Green, mineral, and metallic. Not a sweet garden green but a wild, almost aggressive greenness -- the smell of unmanaged nature. A faint iron-like metallic note distinguishes nettle from gentler green materials. The leafy quality is raw and sappy, with a slight aqueous undertone. This is the green of ditches and hedgerows, not of manicured lawns.
Evolution over time
Immediately
Immediately
Raw mineral green, metallic sharpness
After a few hours
After a few hours
Softer leafy-aqueous quality
After a few days
After a few days
Faint green trace, quickly fading
Terroir & Transformation
Indicative 2025 wholesale prices.
The Full Story
Stinging nettle (Urtica dioica) is a perennial herb found across temperate regions worldwide, known primarily for its stinging trichomes that inject histamine and formic acid on contact. The plant's scent -- when you get past the sting -- is green, mineral, and faintly metallic, like iron-rich soil mixed with crushed chlorophyll.
Nettle produces no commercial essential oil or absolute. In perfumery, the nettle note is a concept reconstructed from green, mineral, and metallic materials -- cis-3-hexenol (leaf alcohol), violet leaf absolute, galbanum, and metallic accords. The result carries the wild, unloved edges of gardens where nettles grow: damp ditches, hedgerows, forgotten corners.
Despite its hostile reputation, nettle has been used medicinally and culinarily for millennia. Young nettle shoots lose their sting when cooked and taste similar to spinach. The plant is rich in iron, calcium, and vitamins A and C.
Nettle stinging hairs are tiny hollow needles (trichomes) made of silica that break off on contact, injecting a cocktail of histamine, acetylcholine, serotonin, and formic acid.
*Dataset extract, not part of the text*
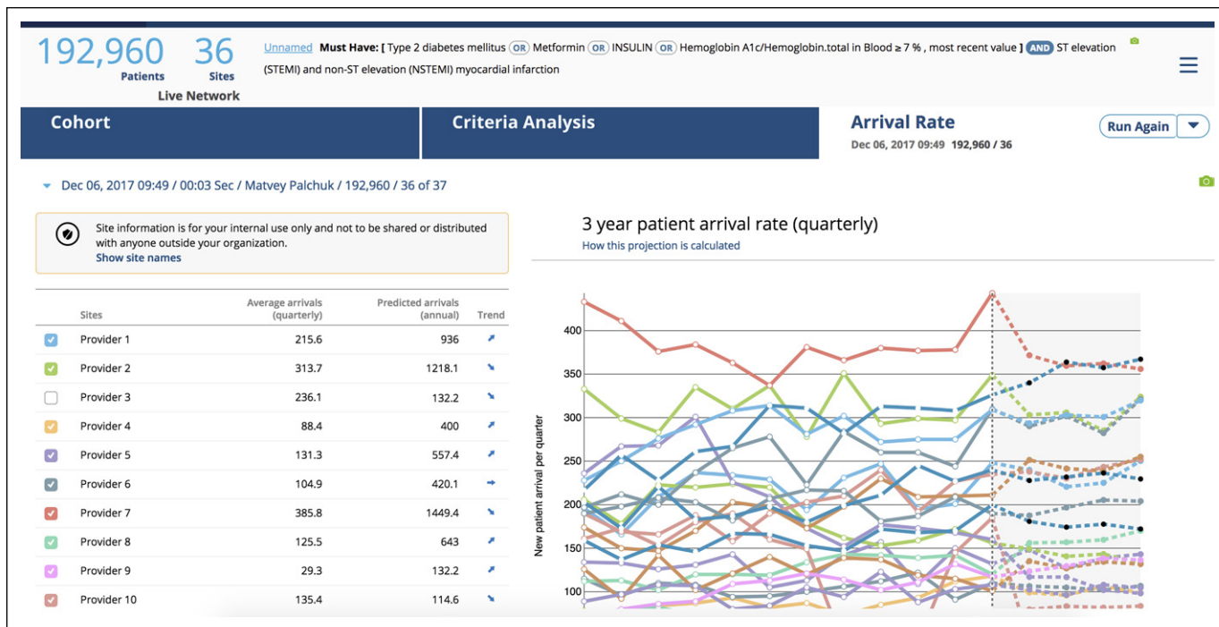
Fig 3. Arrival rate graph representation on the basis of the historical data analyses for each health care organization.

the research results. 24 Although the adoption of EHRs has exploded as a result of federal incentives and meaningful use requirements, the quality of the data contained in EHRs and, correspondingly, that used in research is slowly improving. Many EHRs were designed and operate with billing and patient care functions in mind, which limits the quality of data for research purposes. 16 Such potential limitations in observational data warrant a comprehensive data-quality framework and approach. 25 There is limited literature on the topic of data quality, and the majority of work described has focused on assessing the quality of data in a single system or a single institution, as expected. 26 Furthermore, efforts to quantify the goodness of data typically focus on whether the data are good enough for the primary purpose, which is providing clinical care to patients.

The pain mechanism is so effective that the plant has barely changed in 30 million years.
Extraction & Chemistry
Extraction method: No commercial essential oil or absolute. The nettle note in perfumery is a reconstructed concept using leaf alcohol (cis-3-hexenol), galbanum, violet leaf, and metallic-mineral modifiers.
Nettle functions as a concept note in wild-green, natural, and territory compositions. No natural extract is available; the note is reconstructed from green materials (leaf alcohol, galbanum), mineral accords, and metallic modifiers. Used in compositions evoking wild nature, overgrown gardens, and rain-soaked vegetation.